------ DATA SHOWN ------

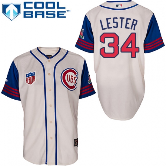 Home>MLB>Chicago Cubs>Jon Lester>Men's Majestic Chicago Cubs #34 Jon Lester Replica Cream/Blue 1942 Turn Back The Clock MLB Jersey
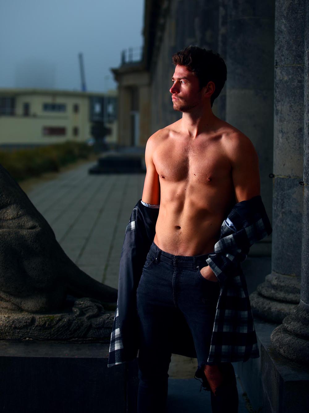 Si dans les salles de fitness on utilise une lunière très concentrée qui vient du haut pour accentuer la musculation, rien ne vous enpèche de créer un effet identique avec la lumière qui vient du bas.
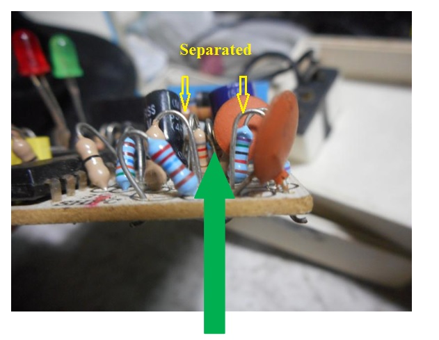 As you can see in the photo above there were two shorted-resistors, and both had no connection in the bottom side of the PCB. Both leads of these resistor were separated.
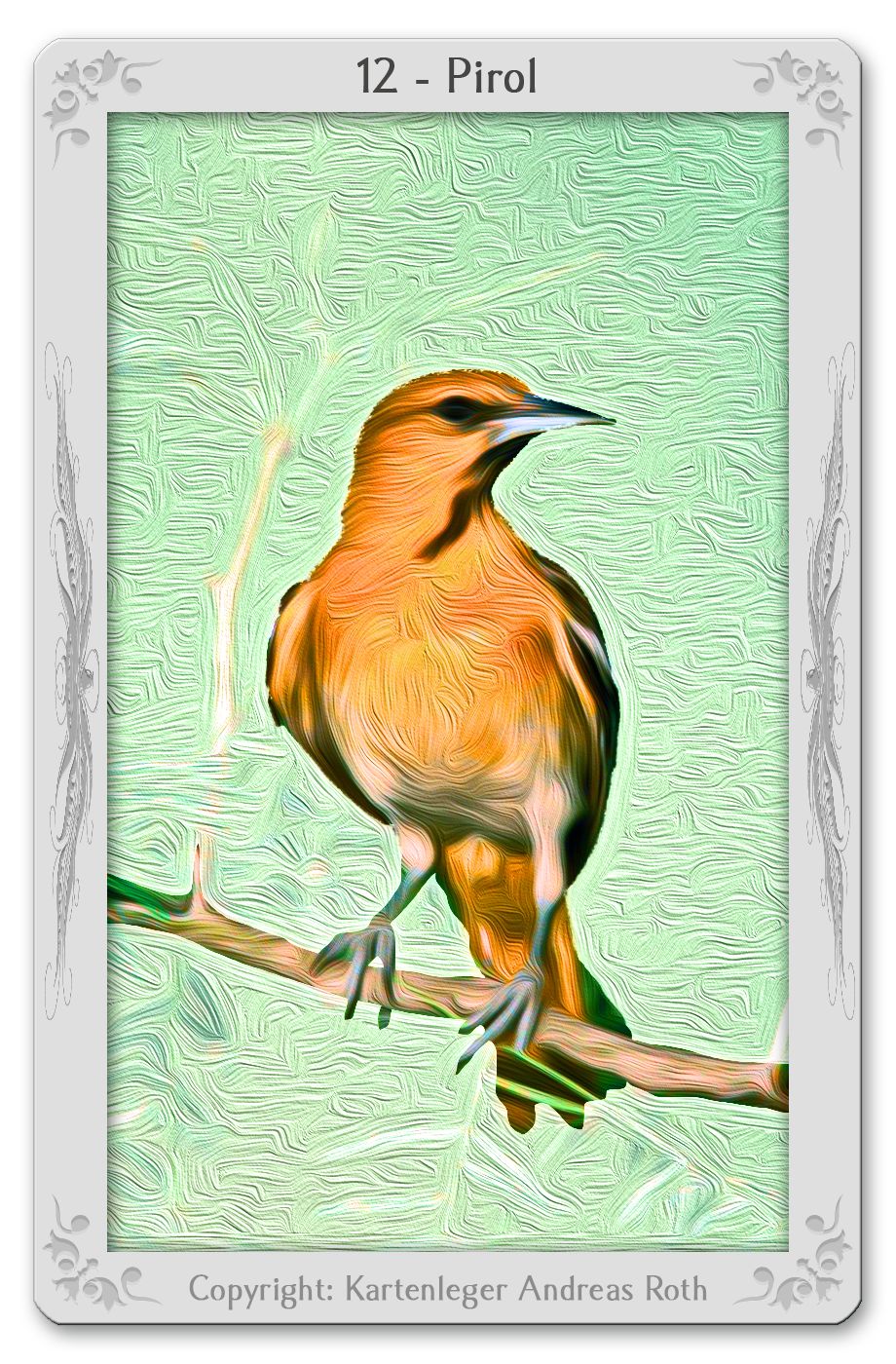 Der Pirol deutet immer auf eine hektische Betriebsamkeit hin, die sich aber schnell wieder legt. Die Gründe für die Nervosität oder auch Unruhe ergeben sich aber erst aus der Betrachtung der umliegenden Karten. In ganz engem Zusammenhang mit dem Pirol steht ein Telefonat und das Schwatzen und Tratschen.

------

▶ [YOUR INSTRUCTIONS]: Give the data again exactly, image-free.

▶ [TASK RESULT]:
 Home>MLB>Chicago Cubs>Jon Lester>Men's Majestic Chicago Cubs #34 Jon Lester Replica Cream/Blue 1942 Turn Back The Clock MLB Jersey
 Si dans les salles de fitness on utilise une lunière très concentrée qui vient du haut pour accentuer la musculation, rien ne vous enpèche de créer un effet identique avec la lumière qui vient du bas.
 As you can see in the photo above there were two shorted-resistors, and both had no connection in the bottom side of the PCB. Both leads of these resistor were separated.
 Der Pirol deutet immer auf eine hektische Betriebsamkeit hin, die sich aber schnell wieder legt. Die Gründe für die Nervosität oder auch Unruhe ergeben sich aber erst aus der Betrachtung der umliegenden Karten. In ganz engem Zusammenhang mit dem Pirol steht ein Telefonat und das Schwatzen und Tratschen.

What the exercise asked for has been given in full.